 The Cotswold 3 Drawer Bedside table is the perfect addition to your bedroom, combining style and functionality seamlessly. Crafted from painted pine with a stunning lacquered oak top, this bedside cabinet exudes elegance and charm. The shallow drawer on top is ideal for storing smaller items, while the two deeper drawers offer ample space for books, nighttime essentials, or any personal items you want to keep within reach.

+++++

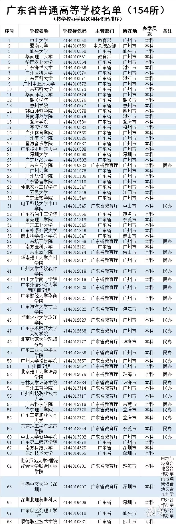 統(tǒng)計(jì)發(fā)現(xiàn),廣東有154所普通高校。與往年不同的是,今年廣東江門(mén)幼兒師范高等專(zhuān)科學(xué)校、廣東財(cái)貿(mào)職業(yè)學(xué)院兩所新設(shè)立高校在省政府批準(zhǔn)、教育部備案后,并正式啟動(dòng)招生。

+++++

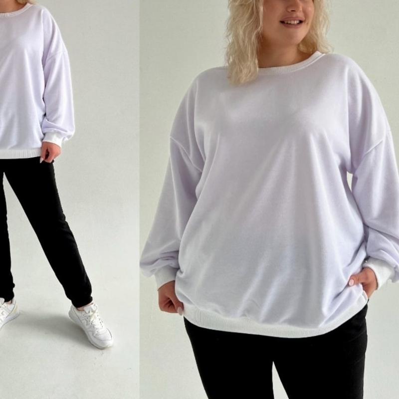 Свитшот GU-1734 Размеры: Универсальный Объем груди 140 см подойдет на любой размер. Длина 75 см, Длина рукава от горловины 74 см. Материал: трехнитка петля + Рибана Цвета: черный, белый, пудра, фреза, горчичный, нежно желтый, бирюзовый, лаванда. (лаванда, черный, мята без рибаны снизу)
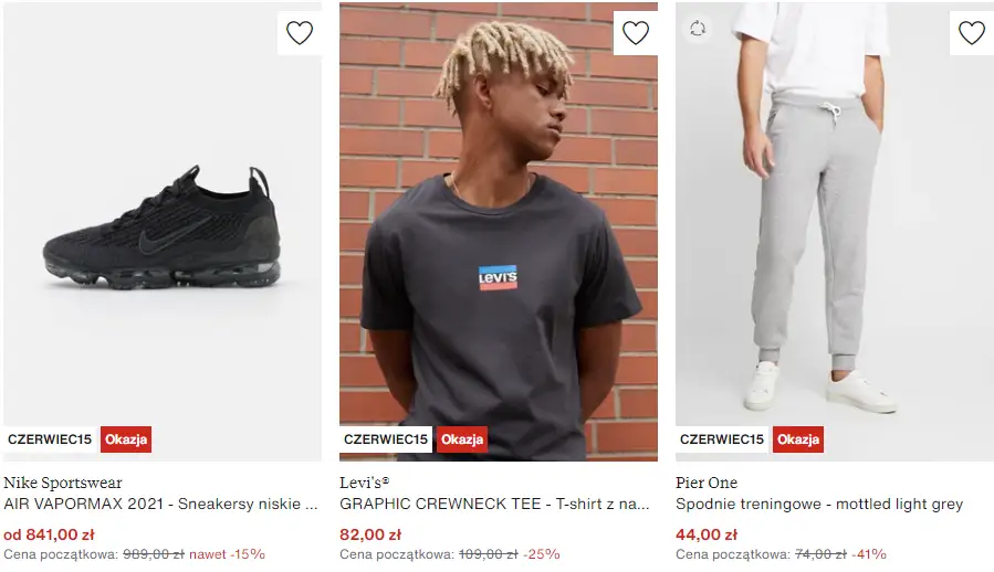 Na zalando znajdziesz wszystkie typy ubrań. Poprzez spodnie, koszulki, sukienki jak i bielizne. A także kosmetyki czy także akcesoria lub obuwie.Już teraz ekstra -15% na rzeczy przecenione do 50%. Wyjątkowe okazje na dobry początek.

+++++

*WHAT IS NEEDED:*
Extract, without any images, the part of the material above that opens with the line containing "Свитшот GU-1734 Размеры: Универсальный" and closes with the line containing "Na zalando znajdziesz", both lines included.

*TASK OUTPUT:*
 Свитшот GU-1734 Размеры: Универсальный Объем груди 140 см подойдет на любой размер. Длина 75 см, Длина рукава от горловины 74 см. Материал: трехнитка петля + Рибана Цвета: черный, белый, пудра, фреза, горчичный, нежно желтый, бирюзовый, лаванда. (лаванда, черный, мята без рибаны снизу)
 Na zalando znajdziesz wszystkie typy ubrań. Poprzez spodnie, koszulki, sukienki jak i bielizne. A także kosmetyki czy także akcesoria lub obuwie.Już teraz ekstra -15% na rzeczy przecenione do 50%. Wyjątkowe okazje na dobry początek.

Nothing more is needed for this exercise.